How General Intuition is Using Video Games to Build Real-World AI

General Intuition is attempting a massive paradigm shift in robotics by using massive video game datasets to train agentic models for the physical world. With a fresh $320 million funding round, the startup is betting that the "action data" found in gaming is the missing link for artificial intelligence.

The Power of Action Labels and Spatial-Temporal Reasoning

While many AI researchers attempt to train models by simply observing video footage, General Intuition CEO Pim de Witte argues that video alone is insufficient. The company’s competitive edge lies in its access to proprietary data from Medal, a platform where users share video game clips.

Unlike standard video, these clips contain embedded "action labels"—precise records of which buttons a player pressed and exactly when. This allows the model to go beyond mere pattern recognition; it learns spatial-temporal reasoning. By understanding the direct link between a specific input (an action) and the resulting change in the environment (the reaction), the AI begins to grasp causality. This enables the model to distinguish the "self" from the "environment," a fundamental requirement for any autonomous agent.

From Fortnite to Quadruped Robots

The company’s technical ambition is to create a single model that generalizes across different domains: gameplay, simulation, and physical embodiment.
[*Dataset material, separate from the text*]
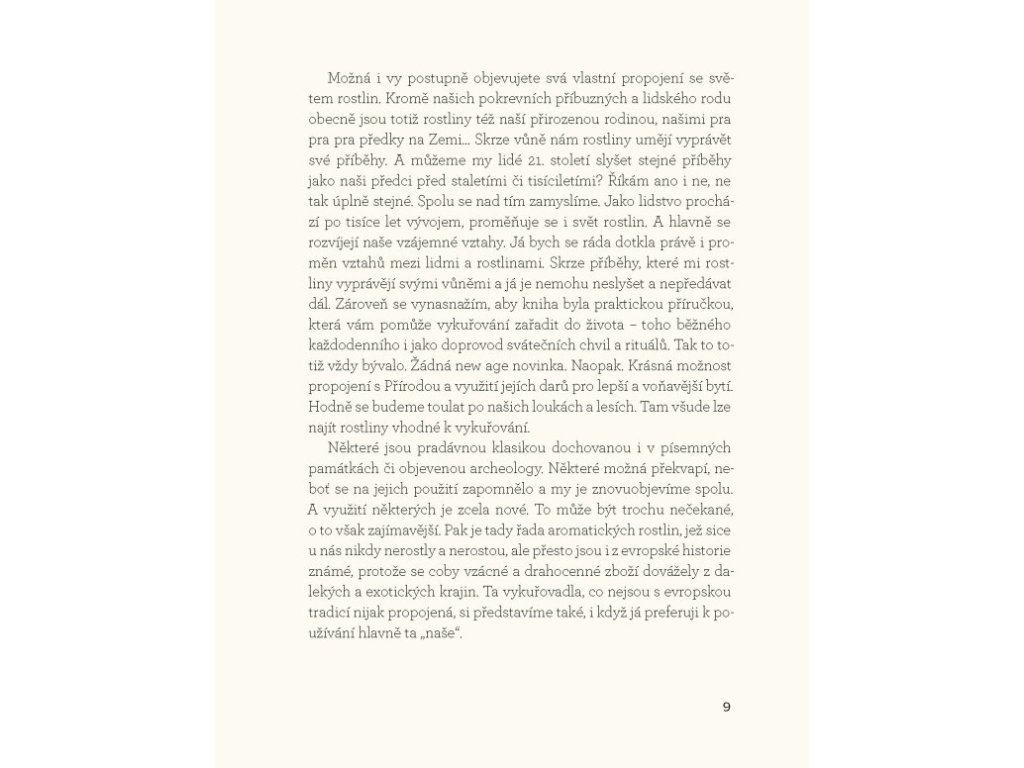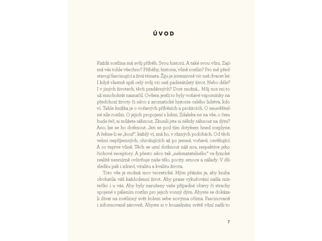 K vykuřovací praxi toho ve skutečnosti potřebujete jen velmi málo, a začnete-li s ním, dostanete velmi mnoho. Úžasné vlastnosti rostlin ještě víc obohatí váš život a stanou se z nich vaši dobří přátelé. Kniha maximálně vychází z praxe, informace a návody, které přináší, jsou přizpůsobeny našemu současnému životu i obtížím, které zpravidla řešíme. Velkou péči autorka věnuje eliminaci problémů, které mohou při vykuřování nastat, představení vykuřovadel používaných tradičně v našich končinách a prohloubení vztahu k přírodě a jejím zdrojům.

In recent demonstrations, an AI agent trained on gameplay was able to navigate complex virtual environments, understanding that walls are solid objects and shadows change with the sun's movement.

Crucially, this "brain" is being ported directly to hardware. The company demonstrated a quadrupedal robot that utilized the same model powering its gaming agents. Notably, the team reported that it took only eight minutes of real-world robotics data—collected on actual streets—to fine-tune the model for the robot’s navigation. This suggests that the heavy lifting of learning physics and spatial awareness is being done in the "gym" of video games, making real-world deployment significantly more efficient.

A $2.3 Billion Bet on General Agents

The scale of this ambition is reflected in the company's valuation. General Intuition recently raised $320 million at a $2.3 billion valuation, bringing its total disclosed funding to $454 million. The round was led by Khosla Ventures, with significant participation from General Catalyst, Jeff Bezos, Eric Schmidt, and researchers from Google DeepMind and MIT.

The capital is earmarked for two primary goals: scaling compute capacity through a partnership with CoreWeave and making their API more widely available by the end of summer. For investors like Vinod Khosla, the goal isn't just better automation, but the emergence of "AI intuition"—a human-like capability to navigate the world through understanding, rather than just following programmed instructions.

Key Takeaways

  • Action-Driven Training: General Intuition uses button-press "action labels" from gaming clips to teach AI causality, moving beyond the limitations of video-only training.
  • Scalable Simulation: By using video games as a "gym," the company can train complex spatial-temporal reasoning without the massive expense of gathering real-world robotic data.
  • Massive Institutional Backing: With a $2.3 billion valuation and backing from figures like Jeff Bezos and Eric Schmidt, the company is positioning itself as a foundational player in the world model era.